What this means in plain English
Employment practices liability insurance (EPLI) covers the association, in its role as an employer, against claims brought by employees or applicants for wrongful employment acts: discrimination, harassment, wrongful termination, failure to promote, and retaliation. It typically pays defense costs, which on an employment claim are frequently the larger part of the exposure. This is distinct from directors and officers liability, which covers governance decisions, and from general liability, which covers bodily injury and property damage. Any association that directly employs an on-site manager, maintenance staff, gate or front-desk staff, or pool and grounds workers is an employer for these purposes and carries the exposure. There is no single insurance-code section that mandates EPLI for a community association; it is a best-practice coverage keyed to whether the association is an employer at all. As context, the federal Equal Employment Opportunity Commission (EEOC) is the agency that enforces the core federal anti-discrimination and anti-harassment laws that most of these claims are pleaded under.

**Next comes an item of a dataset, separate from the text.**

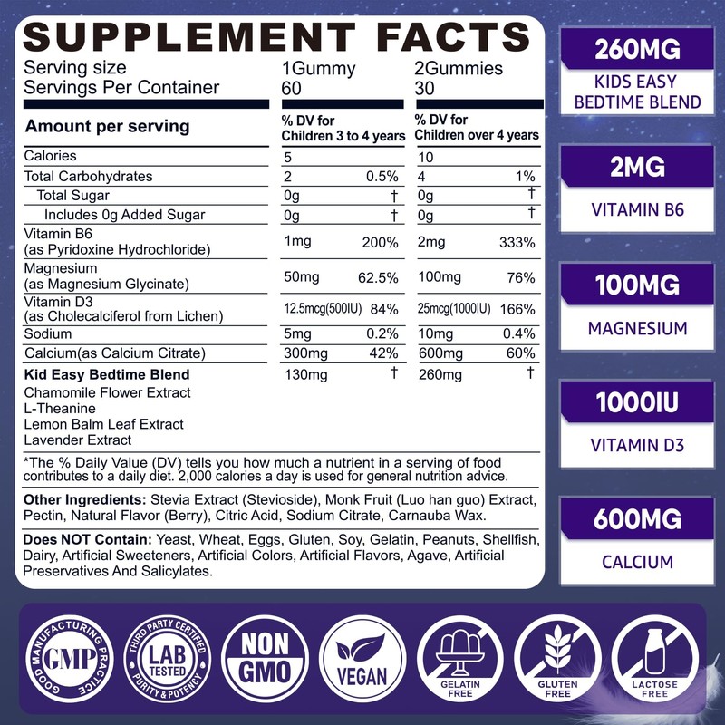 - Relaxation, Calm & Growth: Includes calming herbs such as Chamomile, Lemon Balm, and Lavender, along with Magnesium Glycinate and L-theanine, to promote relaxation, unwind and support restful sleep for kid. Combine with calcium & d3, these sleep gummies also help support healthy bone and overall kids natural development.

What it means for an HOA board
The board's first question is factual, not about the limit: does the association directly employ anyone, or does it engage everyone through a management company or independent contractors? An association with even one direct W-2 employee has real EPLI exposure and usually should carry the coverage, because a single discrimination or wrongful-termination claim can generate defense costs that a volunteer board cannot fund from the operating budget without a special assessment. Two traps recur. First, associations that use a management company assume the exposure sits entirely with the manager, when a joint-employer theory or a directly hired maintenance worker can still name the association. Second, EPLI is sometimes assumed to be folded into the D&O policy when it is not, or is present only as a thin sublimit. Confirm whether EPLI is a standalone policy or an endorsement, read whether third-party claims (harassment or discrimination alleged by a resident or vendor, not just an employee) are included, and size the limit to the headcount rather than to a legacy default. Coverage for community associations commonly runs in the $1M to $3M range, but treat that as an illustrative band and set the limit to the size of the workforce and the defense-cost exposure, not to a fixed number.
Program notes
The specialty community-association markets will write EPLI as a standalone policy or bundle it into the management-liability or association package alongside D&O; the standalone form usually buys broader terms and a cleaner defense-cost provision. The most common gaps are a missing third-party liability extension and a sublimit too thin to fund a real defense. For associations that employ no one directly and staff entirely through a management company, confirm the management agreement and the manager's own EPLI before deciding the association can go without it, since a joint-employer claim can still reach the association.